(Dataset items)
Segment Open
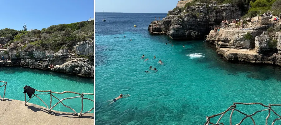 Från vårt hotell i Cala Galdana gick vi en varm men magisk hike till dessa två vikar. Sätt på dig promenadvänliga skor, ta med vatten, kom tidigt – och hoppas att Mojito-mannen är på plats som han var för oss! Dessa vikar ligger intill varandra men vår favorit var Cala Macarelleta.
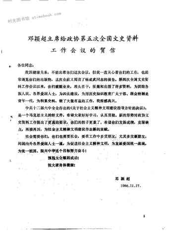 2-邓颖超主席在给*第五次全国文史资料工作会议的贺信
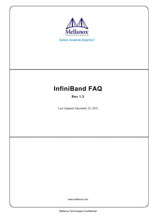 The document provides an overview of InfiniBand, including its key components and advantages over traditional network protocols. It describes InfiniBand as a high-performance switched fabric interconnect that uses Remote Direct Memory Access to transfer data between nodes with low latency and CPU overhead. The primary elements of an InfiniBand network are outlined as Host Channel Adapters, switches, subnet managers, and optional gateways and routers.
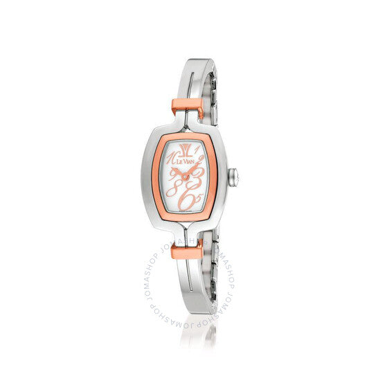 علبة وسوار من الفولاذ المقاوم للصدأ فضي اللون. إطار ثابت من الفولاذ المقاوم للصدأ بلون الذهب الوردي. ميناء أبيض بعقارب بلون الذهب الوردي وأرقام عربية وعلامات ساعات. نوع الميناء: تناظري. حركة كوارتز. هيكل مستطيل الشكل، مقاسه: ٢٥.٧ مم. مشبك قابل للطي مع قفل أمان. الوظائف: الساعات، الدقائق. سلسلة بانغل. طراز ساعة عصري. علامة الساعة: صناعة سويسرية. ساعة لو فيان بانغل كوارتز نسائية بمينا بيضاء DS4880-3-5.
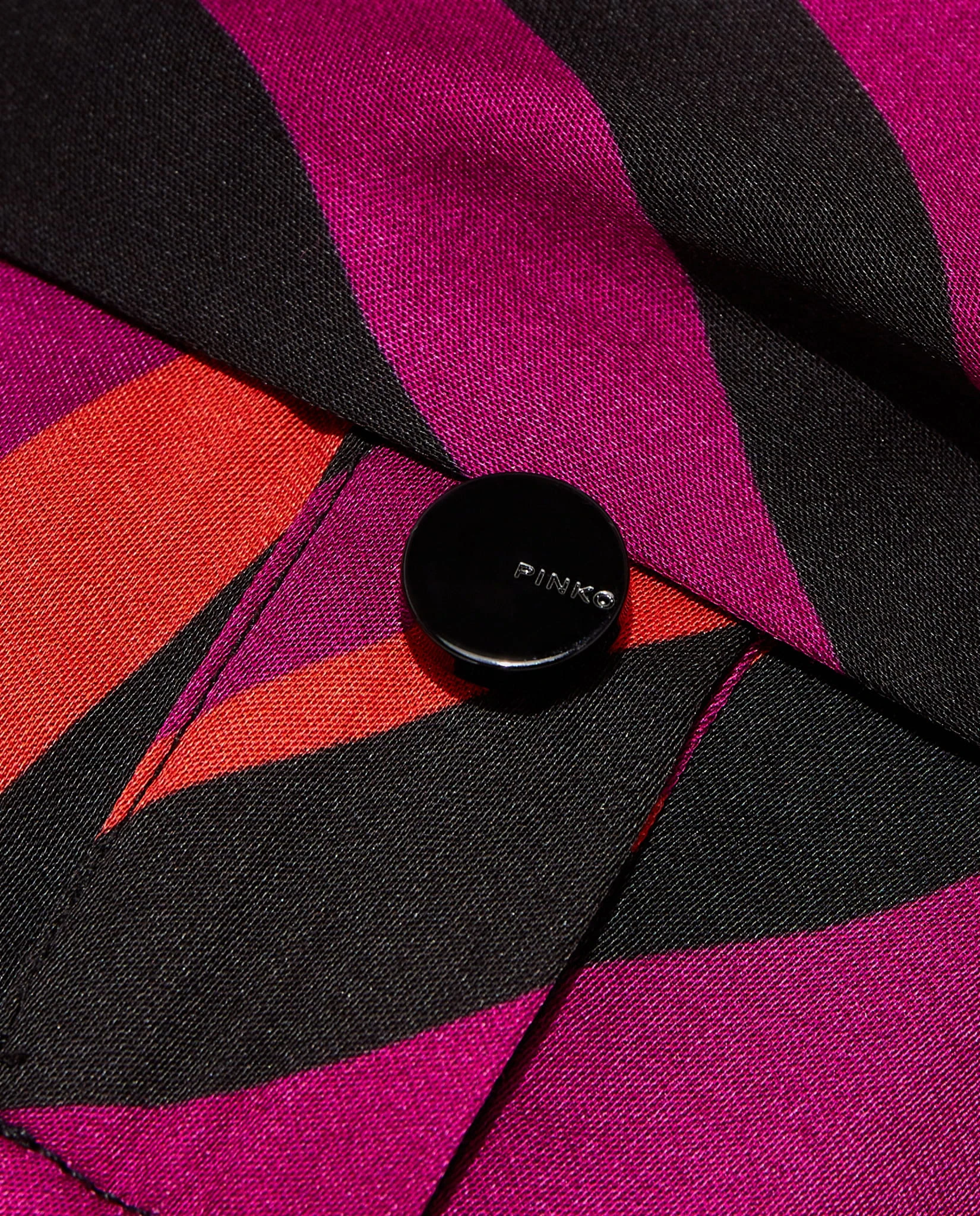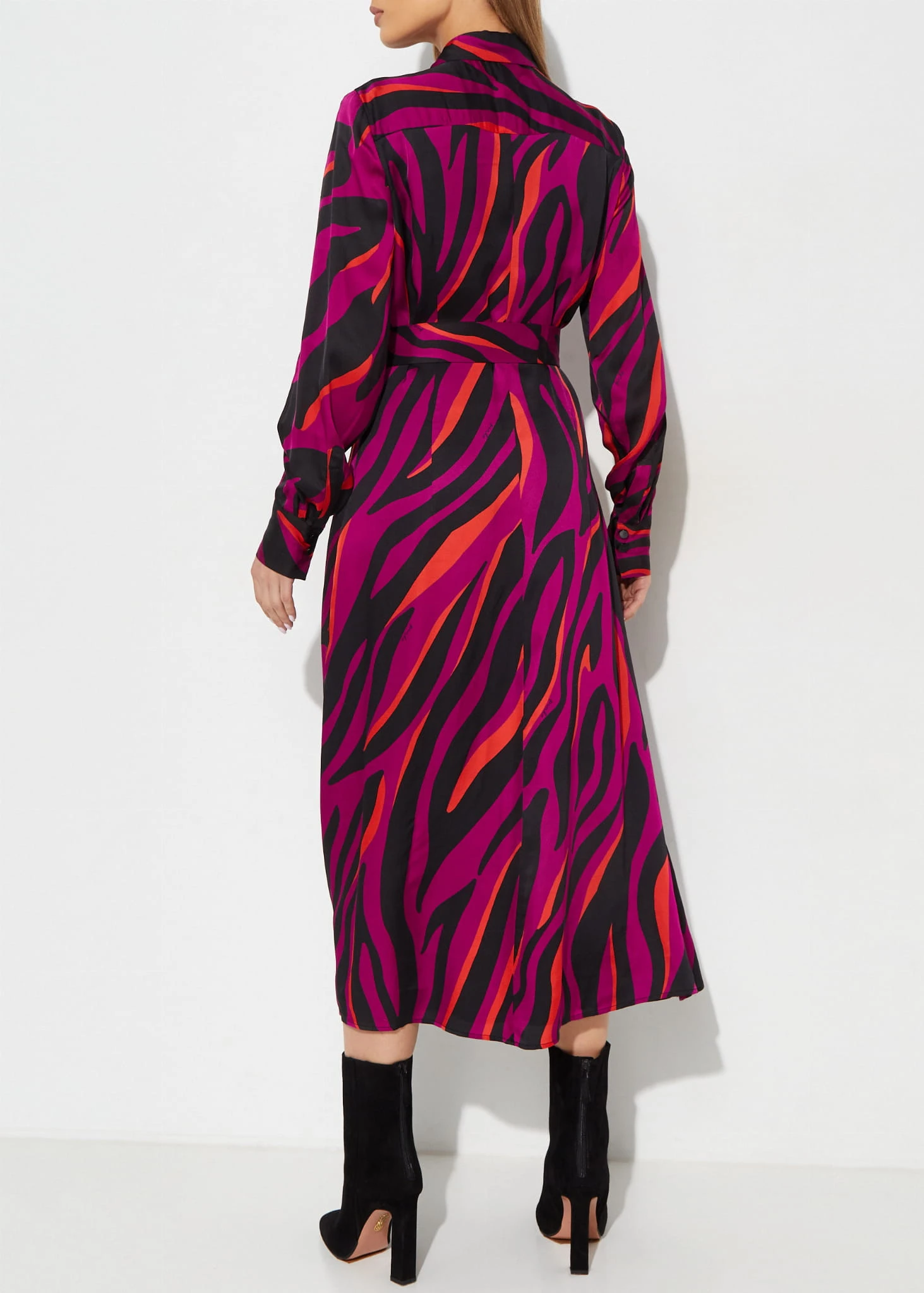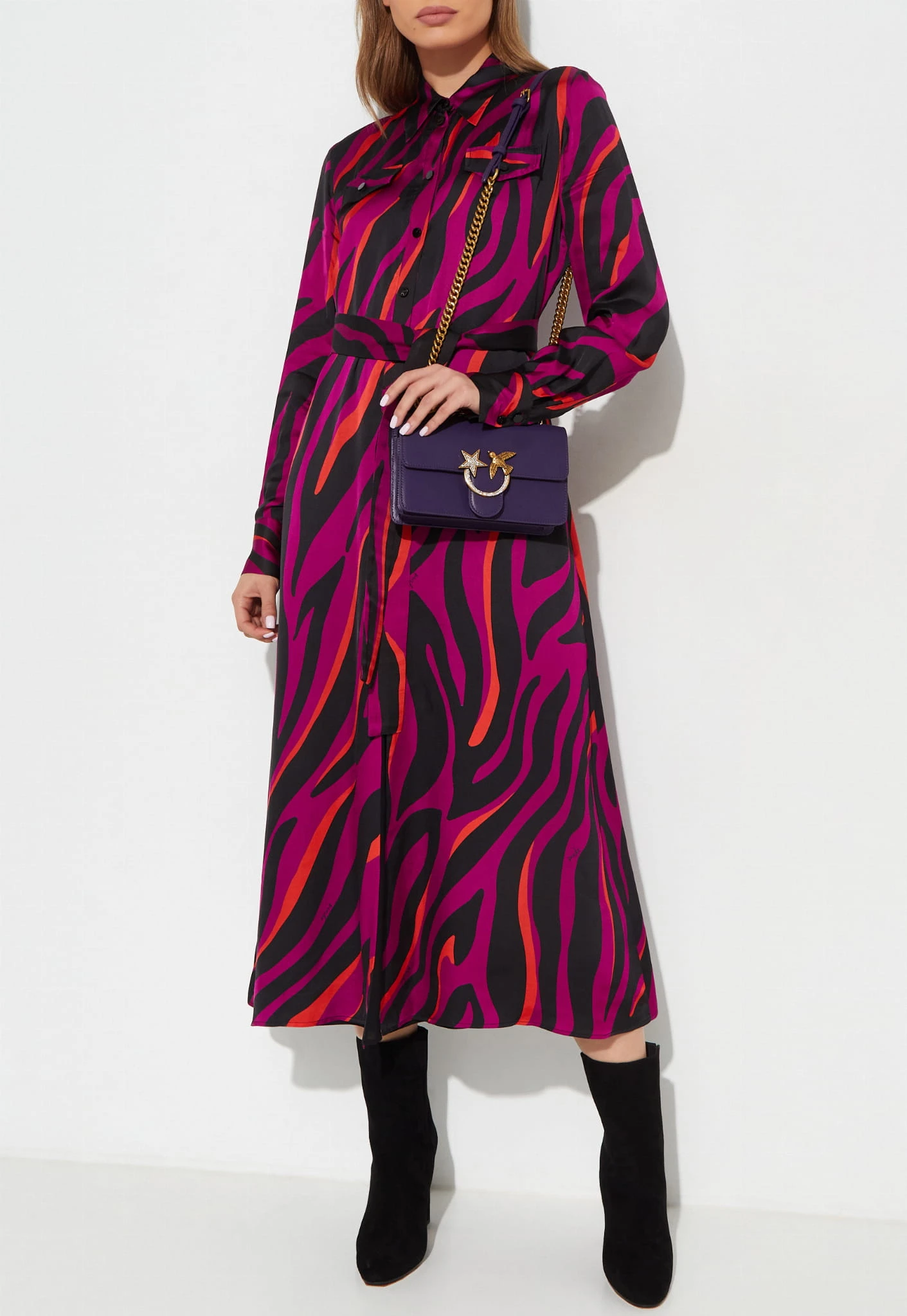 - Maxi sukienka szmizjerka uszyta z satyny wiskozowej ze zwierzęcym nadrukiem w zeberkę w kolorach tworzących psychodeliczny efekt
Segment Closed
▸ **Task to carry out**
Nothing but the lines from the line holding "2-邓颖超主席在给*第五次全国文史资料工作会议的贺信" through the last line of the entries above is to be reproduced, exactly and without pictures.

▸ **Task output**
 2-邓颖超主席在给*第五次全国文史资料工作会议的贺信
 The document provides an overview of InfiniBand, including its key components and advantages over traditional network protocols. It describes InfiniBand as a high-performance switched fabric interconnect that uses Remote Direct Memory Access to transfer data between nodes with low latency and CPU overhead. The primary elements of an InfiniBand network are outlined as Host Channel Adapters, switches, subnet managers, and optional gateways and routers.
 علبة وسوار من الفولاذ المقاوم للصدأ فضي اللون. إطار ثابت من الفولاذ المقاوم للصدأ بلون الذهب الوردي. ميناء أبيض بعقارب بلون الذهب الوردي وأرقام عربية وعلامات ساعات. نوع الميناء: تناظري. حركة كوارتز. هيكل مستطيل الشكل، مقاسه: ٢٥.٧ مم. مشبك قابل للطي مع قفل أمان. الوظائف: الساعات، الدقائق. سلسلة بانغل. طراز ساعة عصري. علامة الساعة: صناعة سويسرية. ساعة لو فيان بانغل كوارتز نسائية بمينا بيضاء DS4880-3-5.
 - Maxi sukienka szmizjerka uszyta z satyny wiskozowej ze zwierzęcym nadrukiem w zeberkę w kolorach tworzących psychodeliczny efekt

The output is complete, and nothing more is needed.